(EXERCISE AIM): Nothing but the lines from the one showing "El acto fue" through the final line of the data below belongs in the answer, duplicated exactly and without pictures.

(Items from a data source):
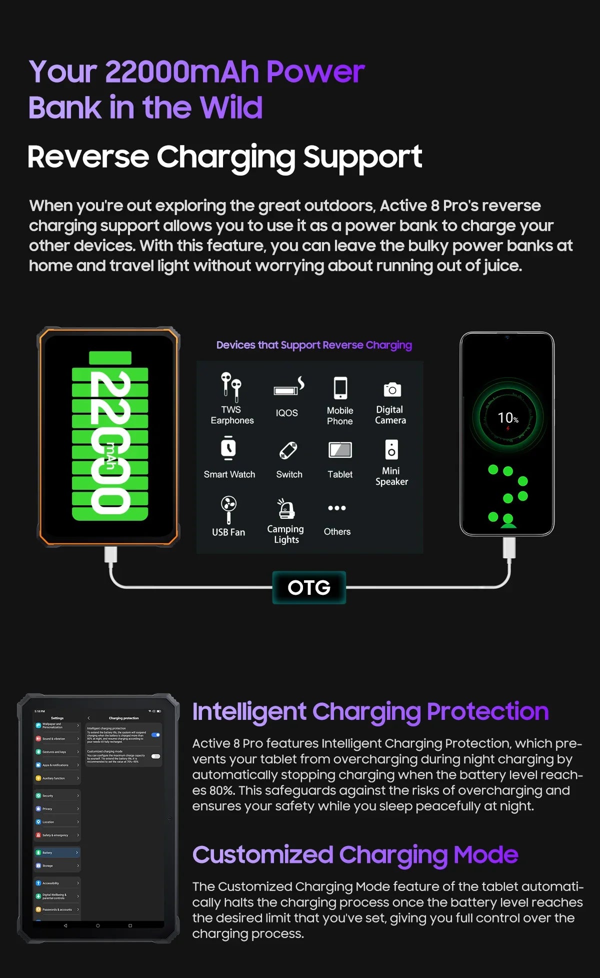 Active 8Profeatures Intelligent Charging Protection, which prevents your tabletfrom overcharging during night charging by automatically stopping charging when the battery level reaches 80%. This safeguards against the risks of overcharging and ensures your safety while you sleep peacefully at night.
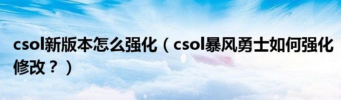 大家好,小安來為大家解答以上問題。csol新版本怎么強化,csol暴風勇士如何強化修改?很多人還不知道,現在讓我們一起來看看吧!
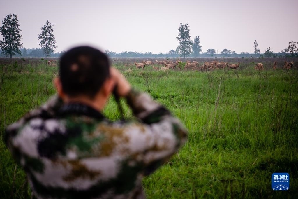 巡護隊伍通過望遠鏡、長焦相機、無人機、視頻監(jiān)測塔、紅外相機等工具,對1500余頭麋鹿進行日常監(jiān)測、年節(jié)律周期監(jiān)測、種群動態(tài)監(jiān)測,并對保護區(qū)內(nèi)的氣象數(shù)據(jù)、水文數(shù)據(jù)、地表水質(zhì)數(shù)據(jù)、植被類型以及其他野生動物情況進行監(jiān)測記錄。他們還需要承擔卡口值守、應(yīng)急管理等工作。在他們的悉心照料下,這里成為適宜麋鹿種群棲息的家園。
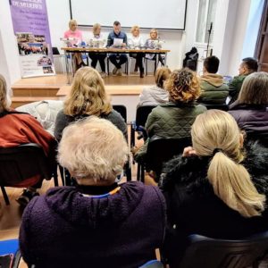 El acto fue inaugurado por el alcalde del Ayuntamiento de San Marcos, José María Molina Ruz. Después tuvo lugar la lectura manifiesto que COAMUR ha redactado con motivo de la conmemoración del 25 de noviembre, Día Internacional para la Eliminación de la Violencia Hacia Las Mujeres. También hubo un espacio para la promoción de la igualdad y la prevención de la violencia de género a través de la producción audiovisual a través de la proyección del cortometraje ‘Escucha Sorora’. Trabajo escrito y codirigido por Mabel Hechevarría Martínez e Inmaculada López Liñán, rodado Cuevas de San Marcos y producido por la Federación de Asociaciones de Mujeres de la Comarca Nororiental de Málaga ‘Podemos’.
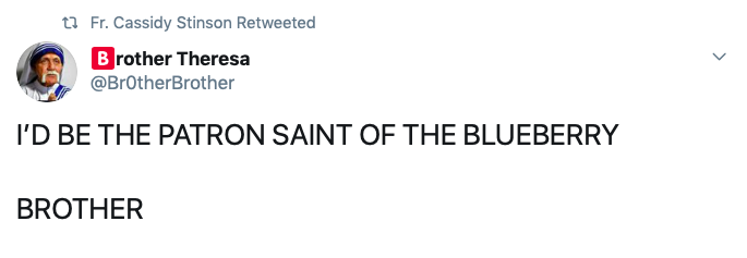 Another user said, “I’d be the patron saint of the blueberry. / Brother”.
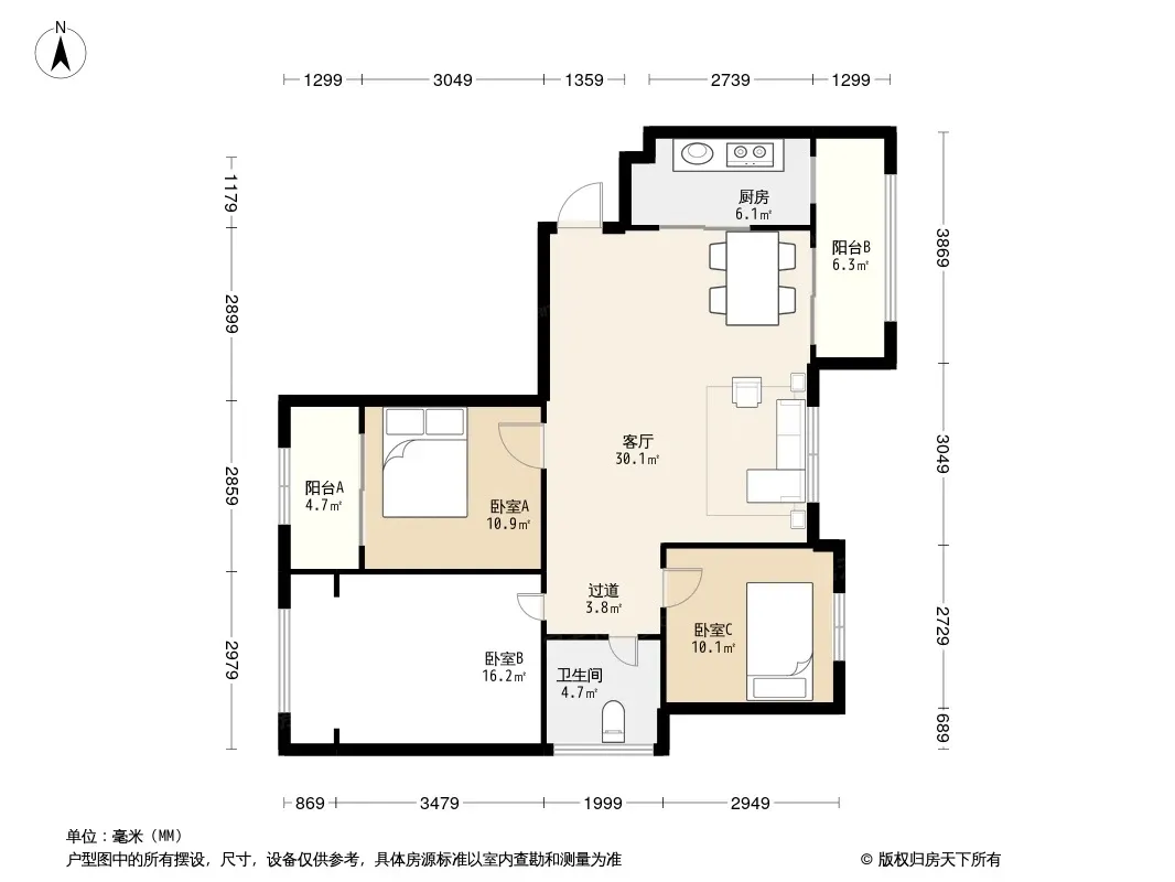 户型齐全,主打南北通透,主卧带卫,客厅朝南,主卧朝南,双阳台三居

(WRITTEN RESPONSE):
 El acto fue inaugurado por el alcalde del Ayuntamiento de San Marcos, José María Molina Ruz. Después tuvo lugar la lectura manifiesto que COAMUR ha redactado con motivo de la conmemoración del 25 de noviembre, Día Internacional para la Eliminación de la Violencia Hacia Las Mujeres. También hubo un espacio para la promoción de la igualdad y la prevención de la violencia de género a través de la producción audiovisual a través de la proyección del cortometraje ‘Escucha Sorora’. Trabajo escrito y codirigido por Mabel Hechevarría Martínez e Inmaculada López Liñán, rodado Cuevas de San Marcos y producido por la Federación de Asociaciones de Mujeres de la Comarca Nororiental de Málaga ‘Podemos’.
 Another user said, “I’d be the patron saint of the blueberry. / Brother”.
 户型齐全,主打南北通透,主卧带卫,客厅朝南,主卧朝南,双阳台三居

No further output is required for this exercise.